Task brief>
Although the data below contains pictures, output only the lines between those holding "ENGLISH AMPLIFIER ACTIVATES" and "Барабан сушильной машины", inclusive, exactly and without those pictures.

Extracted information>
———

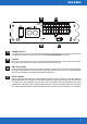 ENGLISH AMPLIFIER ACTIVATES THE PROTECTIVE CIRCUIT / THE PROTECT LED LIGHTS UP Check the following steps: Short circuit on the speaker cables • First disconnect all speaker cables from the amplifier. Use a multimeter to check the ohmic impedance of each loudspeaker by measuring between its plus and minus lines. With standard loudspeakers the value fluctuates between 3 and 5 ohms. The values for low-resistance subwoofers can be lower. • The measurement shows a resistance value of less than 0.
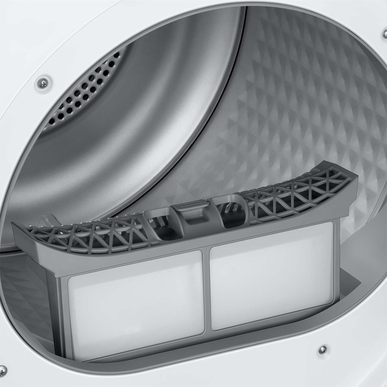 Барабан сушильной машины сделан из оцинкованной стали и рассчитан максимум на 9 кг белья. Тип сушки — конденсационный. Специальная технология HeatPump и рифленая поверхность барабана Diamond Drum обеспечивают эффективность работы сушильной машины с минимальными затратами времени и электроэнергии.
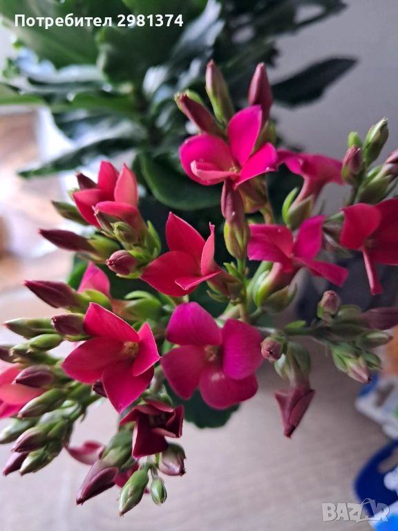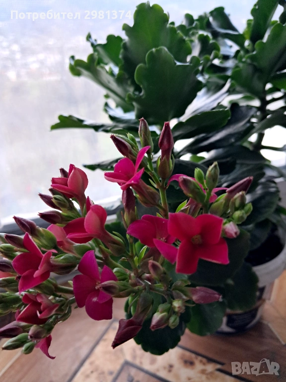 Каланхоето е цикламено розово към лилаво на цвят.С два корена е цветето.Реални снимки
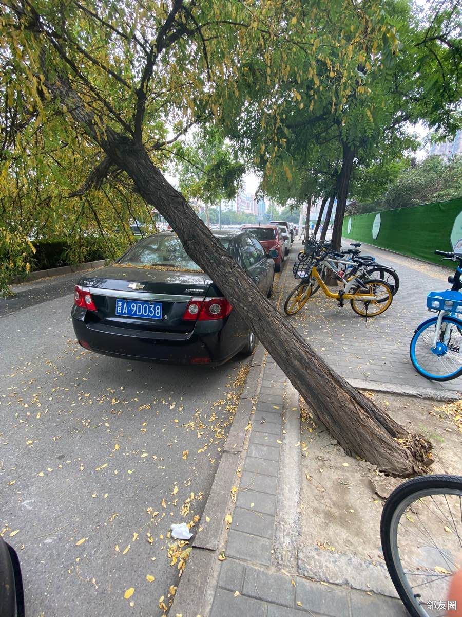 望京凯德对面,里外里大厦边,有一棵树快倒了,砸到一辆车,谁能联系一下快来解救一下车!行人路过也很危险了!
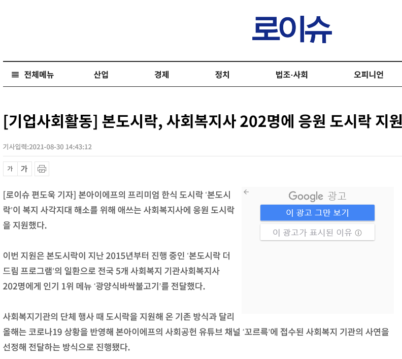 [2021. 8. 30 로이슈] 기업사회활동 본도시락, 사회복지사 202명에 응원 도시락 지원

———

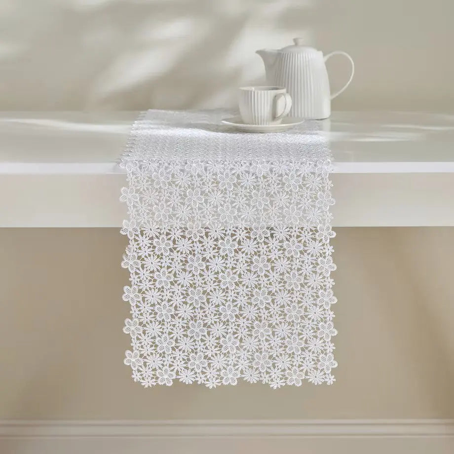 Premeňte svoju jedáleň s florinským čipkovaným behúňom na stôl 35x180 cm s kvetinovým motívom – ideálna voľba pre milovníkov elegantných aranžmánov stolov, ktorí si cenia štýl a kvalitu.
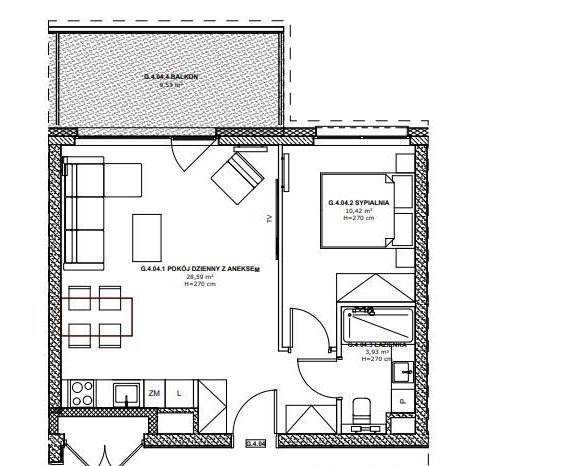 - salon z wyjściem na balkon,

———

Answer space>
 ENGLISH AMPLIFIER ACTIVATES THE PROTECTIVE CIRCUIT / THE PROTECT LED LIGHTS UP Check the following steps: Short circuit on the speaker cables • First disconnect all speaker cables from the amplifier. Use a multimeter to check the ohmic impedance of each loudspeaker by measuring between its plus and minus lines. With standard loudspeakers the value fluctuates between 3 and 5 ohms. The values for low-resistance subwoofers can be lower. • The measurement shows a resistance value of less than 0.
 Барабан сушильной машины сделан из оцинкованной стали и рассчитан максимум на 9 кг белья. Тип сушки — конденсационный. Специальная технология HeatPump и рифленая поверхность барабана Diamond Drum обеспечивают эффективность работы сушильной машины с минимальными затратами времени и электроэнергии.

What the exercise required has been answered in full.